--- Available data Enclosed Below ---

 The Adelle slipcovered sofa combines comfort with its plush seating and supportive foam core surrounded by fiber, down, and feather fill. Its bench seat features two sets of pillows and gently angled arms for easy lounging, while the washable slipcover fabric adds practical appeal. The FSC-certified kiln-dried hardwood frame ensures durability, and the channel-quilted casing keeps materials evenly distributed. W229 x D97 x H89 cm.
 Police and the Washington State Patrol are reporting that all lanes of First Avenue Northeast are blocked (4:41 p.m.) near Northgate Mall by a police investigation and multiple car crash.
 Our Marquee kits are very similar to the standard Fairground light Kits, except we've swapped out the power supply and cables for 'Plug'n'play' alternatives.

--- End of Enclosed Available data ---
--- Available data Enclosed Below ---

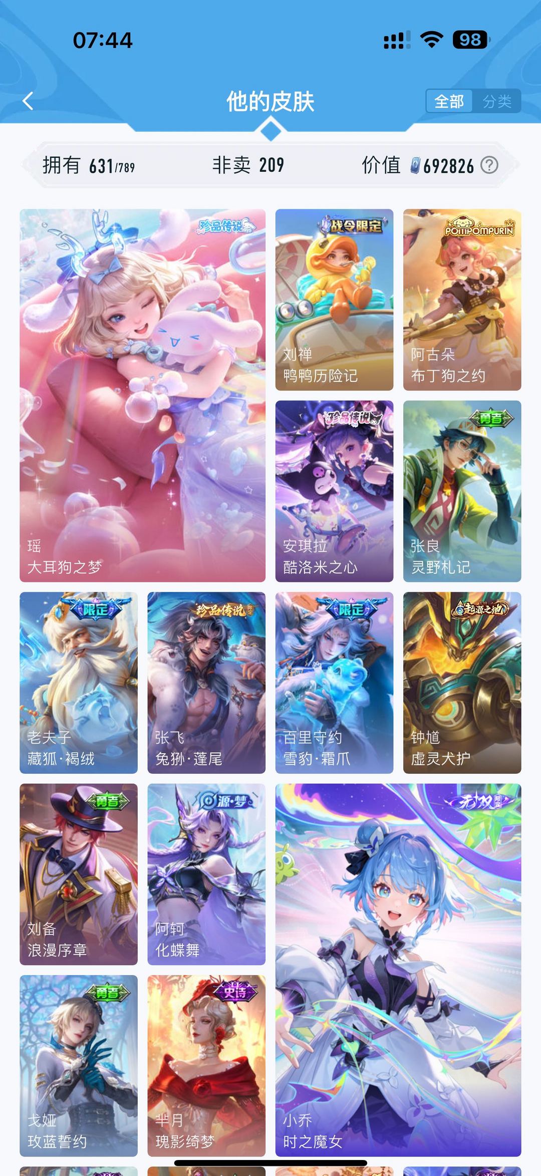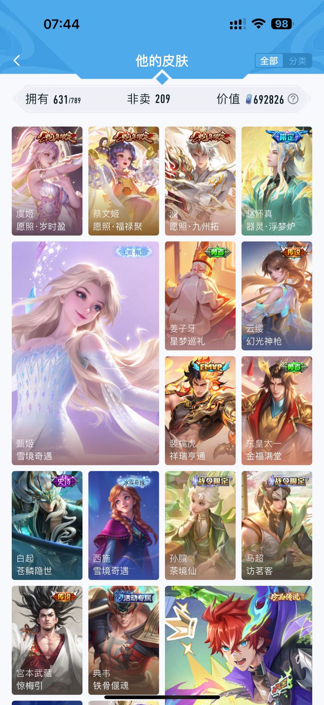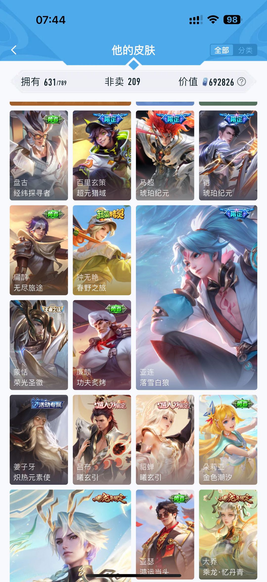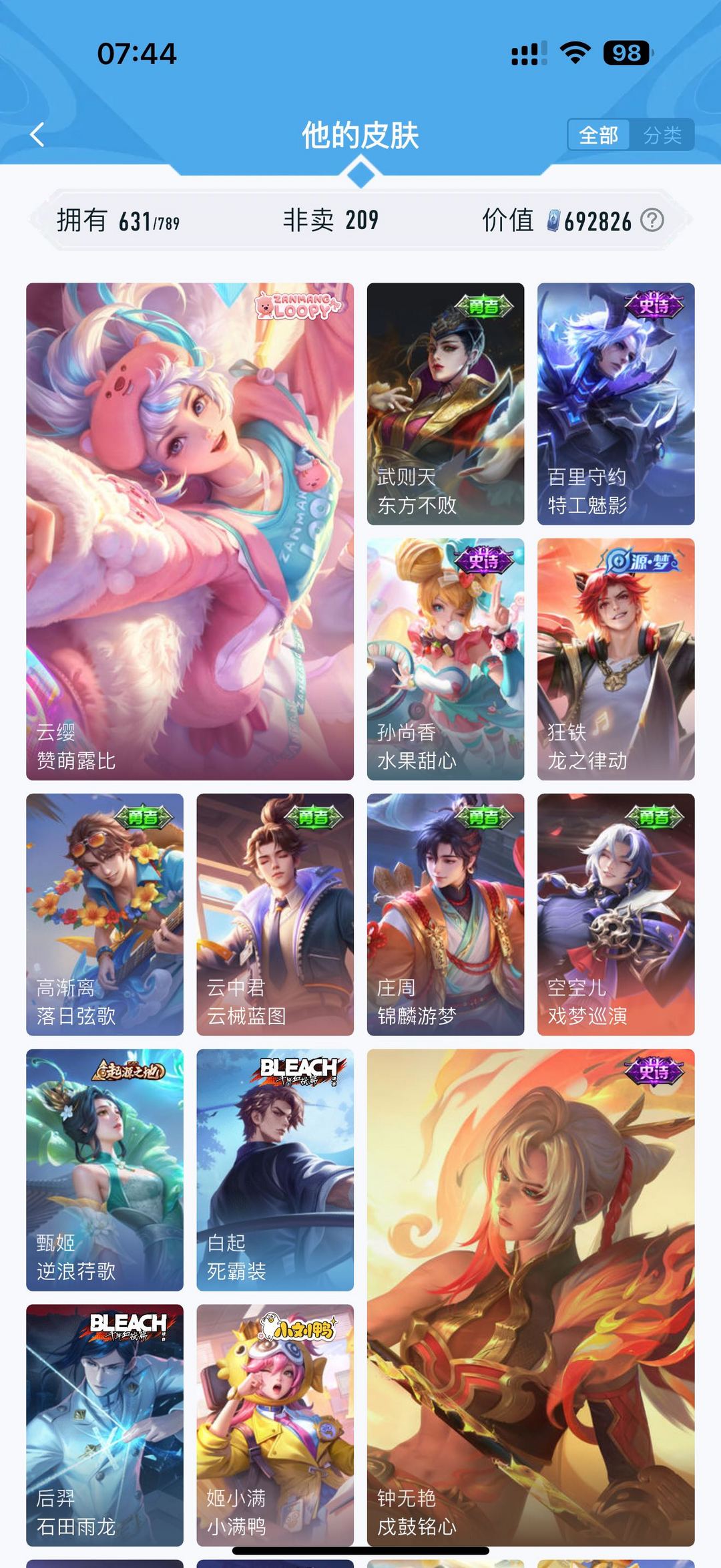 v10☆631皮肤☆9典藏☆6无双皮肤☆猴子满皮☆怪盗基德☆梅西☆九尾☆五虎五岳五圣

--- End of Enclosed Available data ---
--- Available data Enclosed Below ---

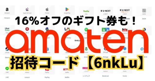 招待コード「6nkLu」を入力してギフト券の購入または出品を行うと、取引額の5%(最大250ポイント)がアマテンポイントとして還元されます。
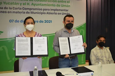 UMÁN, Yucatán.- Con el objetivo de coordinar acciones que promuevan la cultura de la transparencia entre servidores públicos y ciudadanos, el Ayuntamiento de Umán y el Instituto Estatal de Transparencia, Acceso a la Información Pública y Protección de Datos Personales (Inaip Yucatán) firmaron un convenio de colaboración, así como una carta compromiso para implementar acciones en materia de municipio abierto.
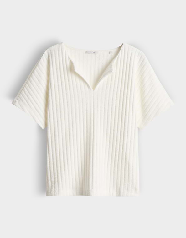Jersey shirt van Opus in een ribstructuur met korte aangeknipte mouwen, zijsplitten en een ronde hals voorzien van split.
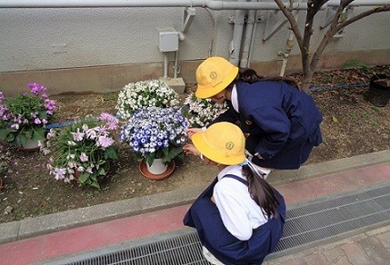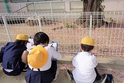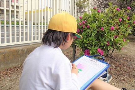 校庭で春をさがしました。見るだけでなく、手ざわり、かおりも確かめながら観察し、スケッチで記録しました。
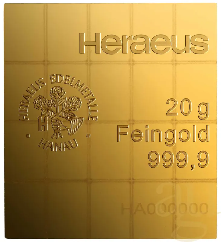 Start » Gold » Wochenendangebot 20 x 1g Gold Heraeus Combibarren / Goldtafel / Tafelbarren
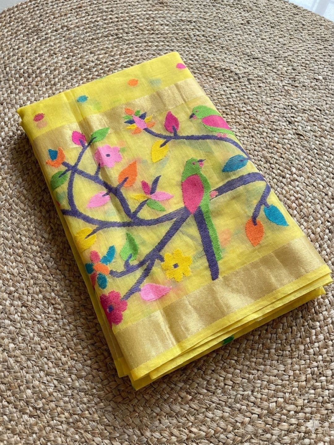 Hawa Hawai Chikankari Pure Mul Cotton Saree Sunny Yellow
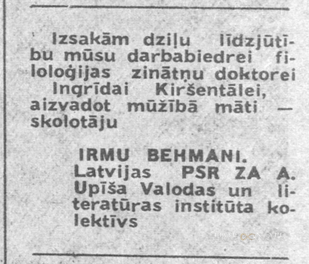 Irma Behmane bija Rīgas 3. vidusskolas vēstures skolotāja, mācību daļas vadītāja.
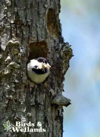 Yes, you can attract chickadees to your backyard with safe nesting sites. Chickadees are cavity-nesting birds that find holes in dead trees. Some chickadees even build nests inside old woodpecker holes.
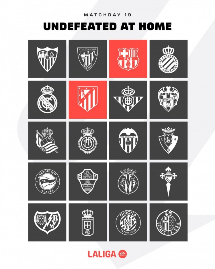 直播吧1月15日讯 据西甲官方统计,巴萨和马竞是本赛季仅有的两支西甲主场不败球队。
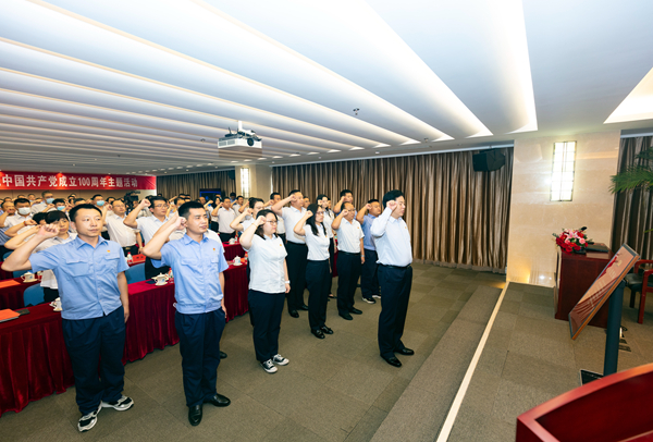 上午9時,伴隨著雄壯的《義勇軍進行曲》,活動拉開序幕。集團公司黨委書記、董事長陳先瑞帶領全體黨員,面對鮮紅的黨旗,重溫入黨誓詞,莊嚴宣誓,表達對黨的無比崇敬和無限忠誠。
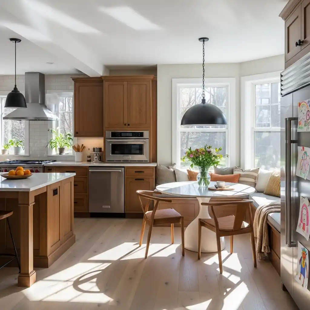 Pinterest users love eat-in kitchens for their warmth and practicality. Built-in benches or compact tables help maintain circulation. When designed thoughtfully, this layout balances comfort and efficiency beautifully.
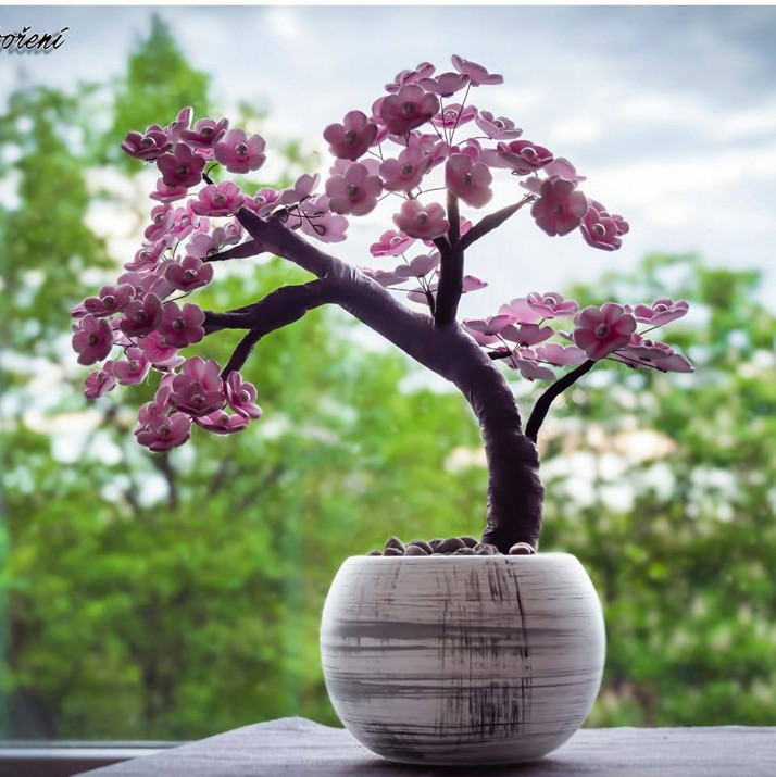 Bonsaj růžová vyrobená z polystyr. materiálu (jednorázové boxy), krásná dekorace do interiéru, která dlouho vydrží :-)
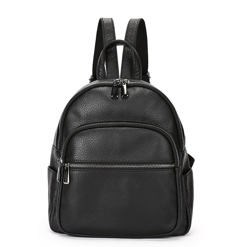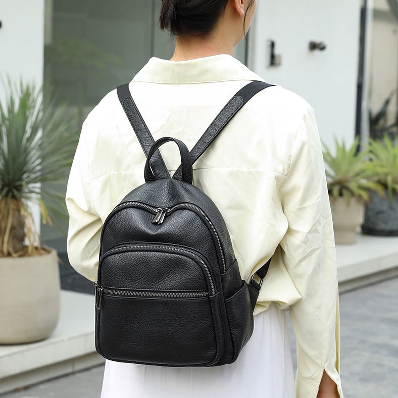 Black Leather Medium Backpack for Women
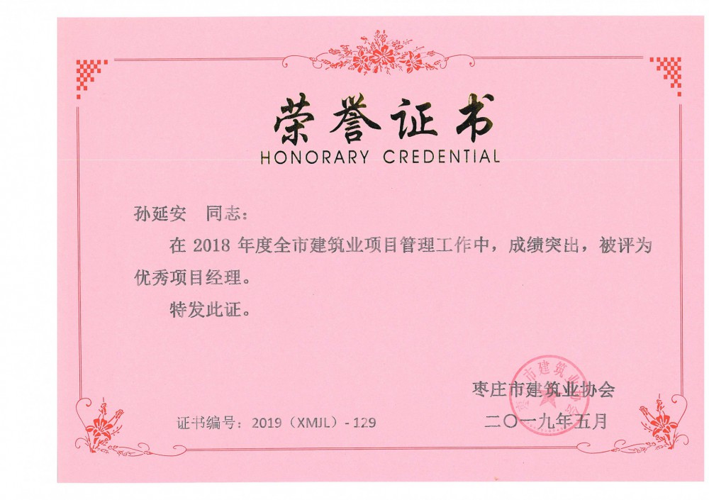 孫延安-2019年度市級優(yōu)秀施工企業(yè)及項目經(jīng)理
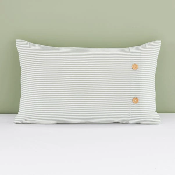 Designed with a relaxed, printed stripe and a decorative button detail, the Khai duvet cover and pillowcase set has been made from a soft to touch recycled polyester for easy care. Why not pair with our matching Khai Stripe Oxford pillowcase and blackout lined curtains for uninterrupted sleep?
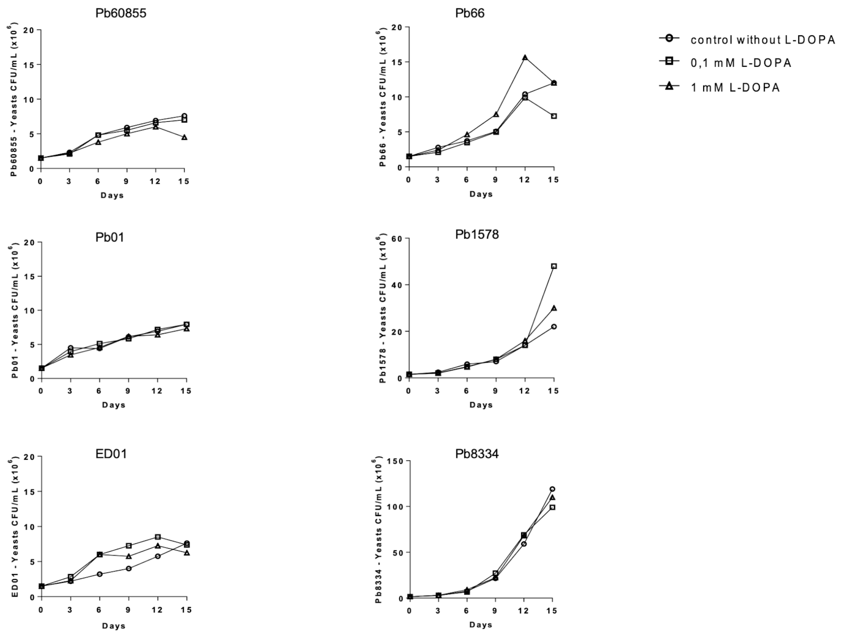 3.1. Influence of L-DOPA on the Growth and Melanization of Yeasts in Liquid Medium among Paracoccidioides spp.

--- End of Enclosed Available data ---

→ **Exercise details**: Using the data above, retype exactly the lines from the line with "Bonsaj růžová vyrobená" to the line with "3.1. Influence of", inclusive. No pictures and nothing else.

→ **Solution to the problem**:
 Bonsaj růžová vyrobená z polystyr. materiálu (jednorázové boxy), krásná dekorace do interiéru, která dlouho vydrží :-)
 Black Leather Medium Backpack for Women
 孫延安-2019年度市級優(yōu)秀施工企業(yè)及項目經(jīng)理
 Designed with a relaxed, printed stripe and a decorative button detail, the Khai duvet cover and pillowcase set has been made from a soft to touch recycled polyester for easy care. Why not pair with our matching Khai Stripe Oxford pillowcase and blackout lined curtains for uninterrupted sleep?
 3.1. Influence of L-DOPA on the Growth and Melanization of Yeasts in Liquid Medium among Paracoccidioides spp.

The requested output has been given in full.